START DATA FOR REVIEW
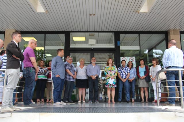 Miembros de la Corporación Municipal de San Pedro del Pinatar junto a trabajadores y vecinos han guardado hoy a las 12:00 horas un minuto de silencio en señal de condolencia y repulsa al trágico suceso acaecido en Molina de Segura, donde una mujer ha sido asesinada por un compañero de trabajo en presunto caso de violencia machista.
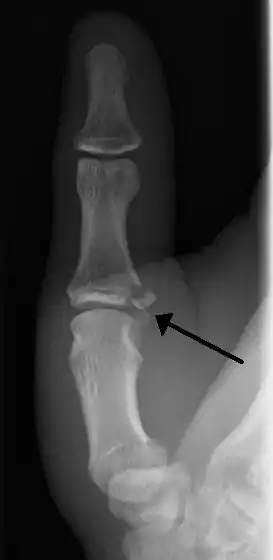 • Avulsion of distal UCL causing the pulling off of a bone chip off the proximal phalanx base.[4]
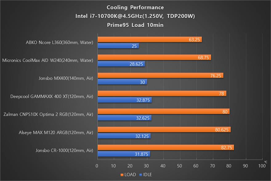 끝으로, 앱코 Ncore L360 일체형 수냉쿨러의 냉각성능을 확인해보는데, 인텔 i7-10700K CPU를 TDP 200W 수준의 4.5GHz 클럭으로 고정해서 공랭 쿨러와 240mm 일체형 수냉쿨러를 포함해 Prime95를 실행해 10분간 과부하상태에서 냉각성능을 비교해 본 결과, 3열 360mm 라디에이터답게 Ncore L360 일체형 수냉쿨러가 가장 냉각성능이 좋은 것으로 나오는 것을 확인할 수 있었습니다. 특히, 240mm 일체형 수냉쿨러와도 약 5℃ 가까이 차이를 두고 있어서, 메인보드의 전원부나 CPU 수율에 따라서 더 높은 클럭으로 설정해도 충분한 냉각성능을 보여줄 것으로 생각됩니다.
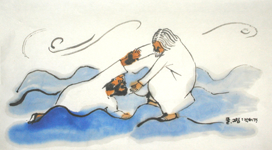 오라 하시니 베드로가 배에서 내려 물 위로 걸어서 예수께로 가되
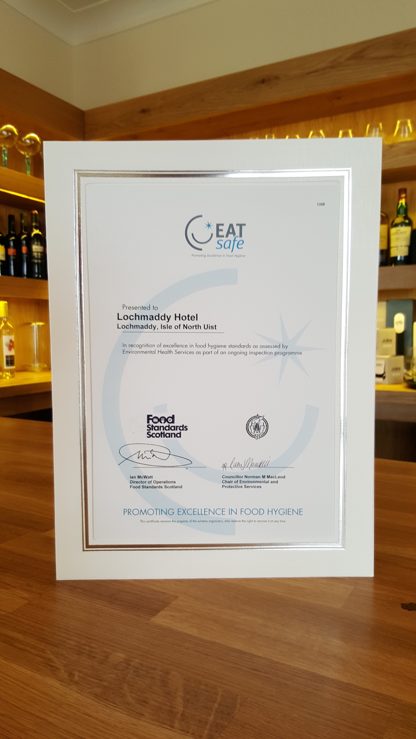 We operate to the highest standards of food hygiene at all times and this has been recognised by the Environmental Health and the Scottish FSA (food standards agency) where we have attained an Eat Safe Award. This is only for establishments that go "above and beyond" standard hygiene practises, and currently we are the only hotel in the Western Isles with one.
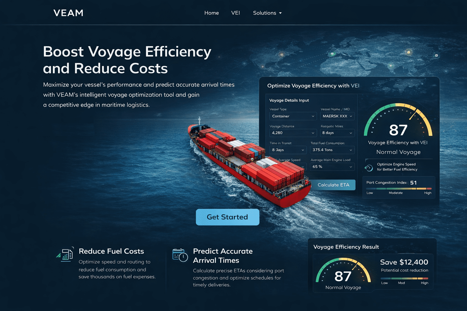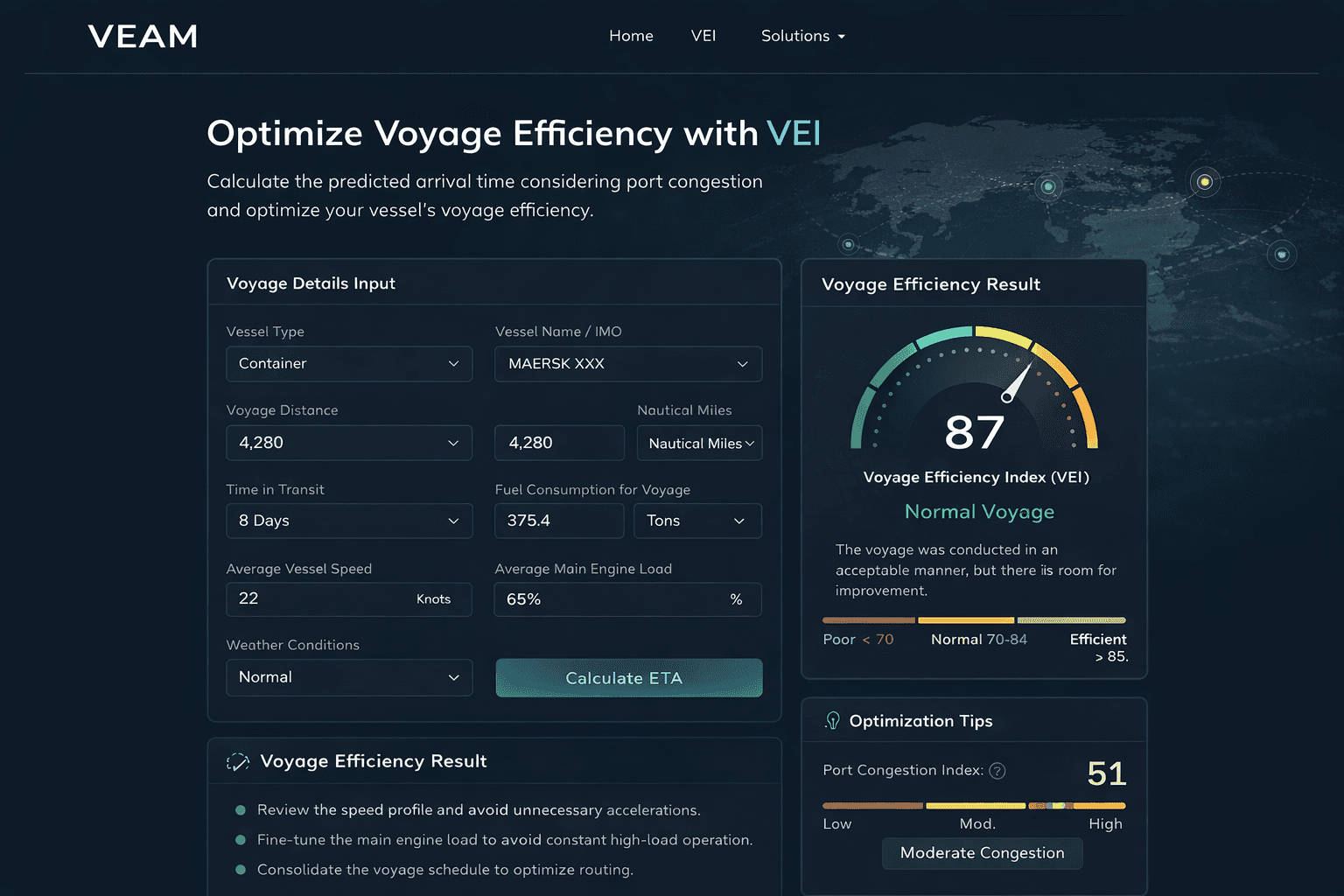 VEAM (Voyage Efficiency & Arrival Model) is a program that helps to calculate the actual time of arrival of a vessel at the port (ETA) and assess the efficiency of the voyage, taking into account the operating conditions and port load.
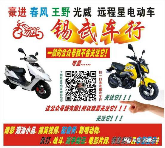 长按上图后按“识别图中二维码”关注揭阳市锡武车行!
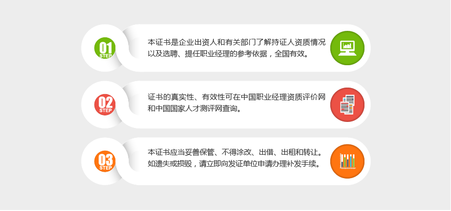 通过考试和评价的学员,由职业经理研究中心颁发高级职业经理资质证书,人力资源和社会保障部全国人才流动中心为参加高级职业经理资质评价并合格的学员出具反映素质能力的人才素质测评证书。高级职业经理资质证书和人才素质测评证书基本反映了持证人的素质和能力状况,为持证人流动和升职提供了素质与能力的证明,为企业聘任经营管理人才提供了资质证明。
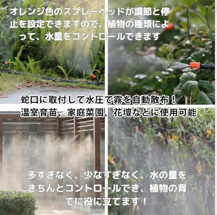 (2)オレンジ色のスプレーヘッドが調節と停止を設定できますので、ミストシャワーは植物の種類によって、水量をコントロールできます。
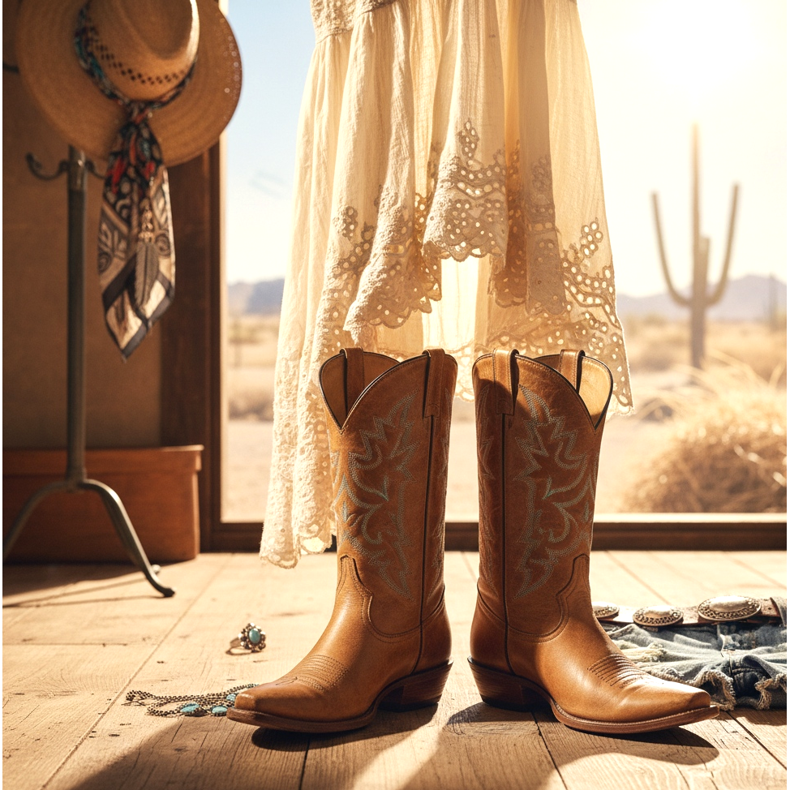 Cowboy-saappaat ovat täydelliset kengät siirtymäkauteen ja kesään. Katso, miten voit yhdistää ne ilmaviin boho-mekkoihin ja shortseihin luodaksesi muodikkaan festivaaliilmeen.
END DATA FOR REVIEW
**ACTIVITY**
The required answer is every line from the one containing "끝으로, 앱코 Ncore" through the last line of the entries, restated word for word and with no pictures.

**ANSWER FOR THE TASK**
 끝으로, 앱코 Ncore L360 일체형 수냉쿨러의 냉각성능을 확인해보는데, 인텔 i7-10700K CPU를 TDP 200W 수준의 4.5GHz 클럭으로 고정해서 공랭 쿨러와 240mm 일체형 수냉쿨러를 포함해 Prime95를 실행해 10분간 과부하상태에서 냉각성능을 비교해 본 결과, 3열 360mm 라디에이터답게 Ncore L360 일체형 수냉쿨러가 가장 냉각성능이 좋은 것으로 나오는 것을 확인할 수 있었습니다. 특히, 240mm 일체형 수냉쿨러와도 약 5℃ 가까이 차이를 두고 있어서, 메인보드의 전원부나 CPU 수율에 따라서 더 높은 클럭으로 설정해도 충분한 냉각성능을 보여줄 것으로 생각됩니다.
 오라 하시니 베드로가 배에서 내려 물 위로 걸어서 예수께로 가되
 We operate to the highest standards of food hygiene at all times and this has been recognised by the Environmental Health and the Scottish FSA (food standards agency) where we have attained an Eat Safe Award. This is only for establishments that go "above and beyond" standard hygiene practises, and currently we are the only hotel in the Western Isles with one.
 VEAM (Voyage Efficiency & Arrival Model) is a program that helps to calculate the actual time of arrival of a vessel at the port (ETA) and assess the efficiency of the voyage, taking into account the operating conditions and port load.
 长按上图后按“识别图中二维码”关注揭阳市锡武车行!
 通过考试和评价的学员,由职业经理研究中心颁发高级职业经理资质证书,人力资源和社会保障部全国人才流动中心为参加高级职业经理资质评价并合格的学员出具反映素质能力的人才素质测评证书。高级职业经理资质证书和人才素质测评证书基本反映了持证人的素质和能力状况,为持证人流动和升职提供了素质与能力的证明,为企业聘任经营管理人才提供了资质证明。
 (2)オレンジ色のスプレーヘッドが調節と停止を設定できますので、ミストシャワーは植物の種類によって、水量をコントロールできます。
 Cowboy-saappaat ovat täydelliset kengät siirtymäkauteen ja kesään. Katso, miten voit yhdistää ne ilmaviin boho-mekkoihin ja shortseihin luodaksesi muodikkaan festivaaliilmeen.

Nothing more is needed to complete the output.